The desperation in the man’s voice mirrors what Ianto is feeling, and Ianto finds it hard not to call out, to tell the man he’s not alone, and that they’re going to get out.
“That’s not going to be possible, there were no survivors from Thames House. It was a tragedy, and one that they families are trying to put behind them.”
“You bastards.”
There is the sound of a scuffle, and a few heavy blows being landed, before someone says, “Shit.
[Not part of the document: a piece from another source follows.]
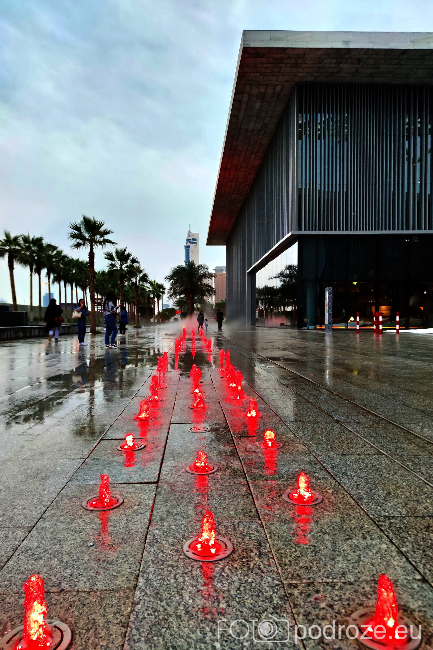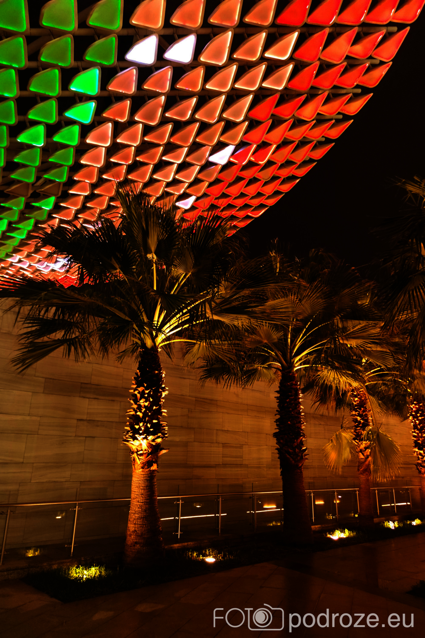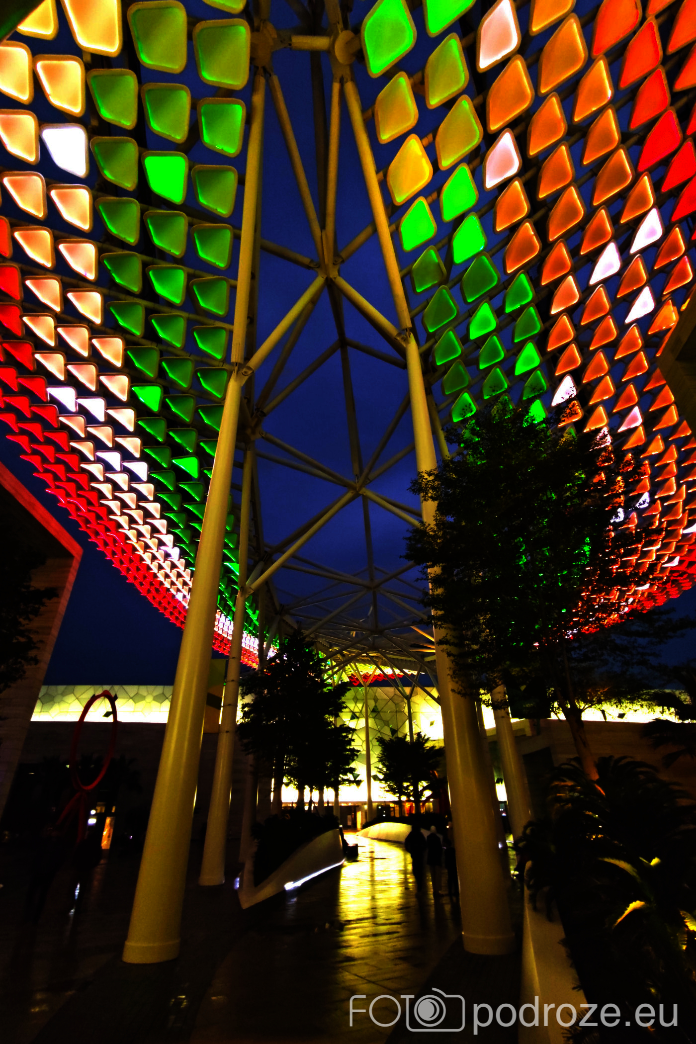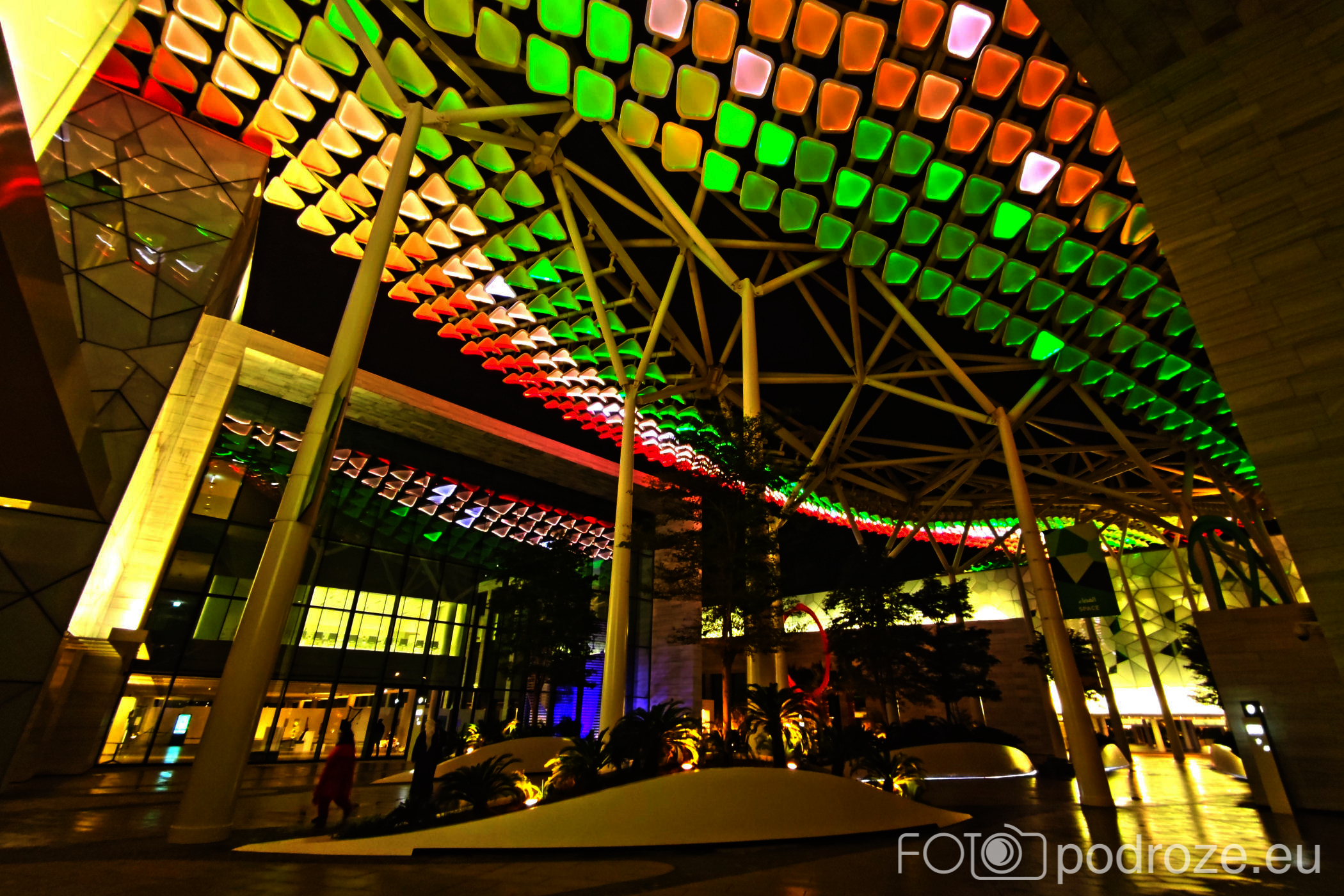 Wieczorem centrum jest fantastycznie oświetlone, zadaszenie ma kolory flagi Kuwejtu i generalnie robi ogromne wrażenie. Bardzo żałowaliśmy, że jesteśmy tu w deszczu i nie udało się obejrzeć wszystkich atrakcyjnych miejsc na zewnątrz.

What did you let him get your gun for?”
“I didn’t let him, he just-”
The sound of the gunshot in the narrow confines of the corridor is almost deafeningly loud and Ianto stumbles back from the door, a hand across his mouth.
A second shot sounds almost immediately afterwards, and is followed by the echoing of shoes on the tiled floor of the corridor.
“Waste of a promising subject.” Doctor Munro’s distinctive Scottish accent seems loud in the silence that follows the gunshot. “They’re not an unlimited resource you know, see this doesn’t happen again.”
Ianto is shivering as he gets back under the covers, a reaction as much to the chill room as to the callousness of the death that has happened just outside his door.
The realisation that he’s not the only survivor of the alien virus is both comforting and confusing. Until now Ianto had thought, maybe now he realises naively, that his survival had been due to Jack, that Jack had somehow saved him.
It’s no longer just a case of him escaping, he got to get the truth out, get the other people being held here out, before any more of them lose their lives.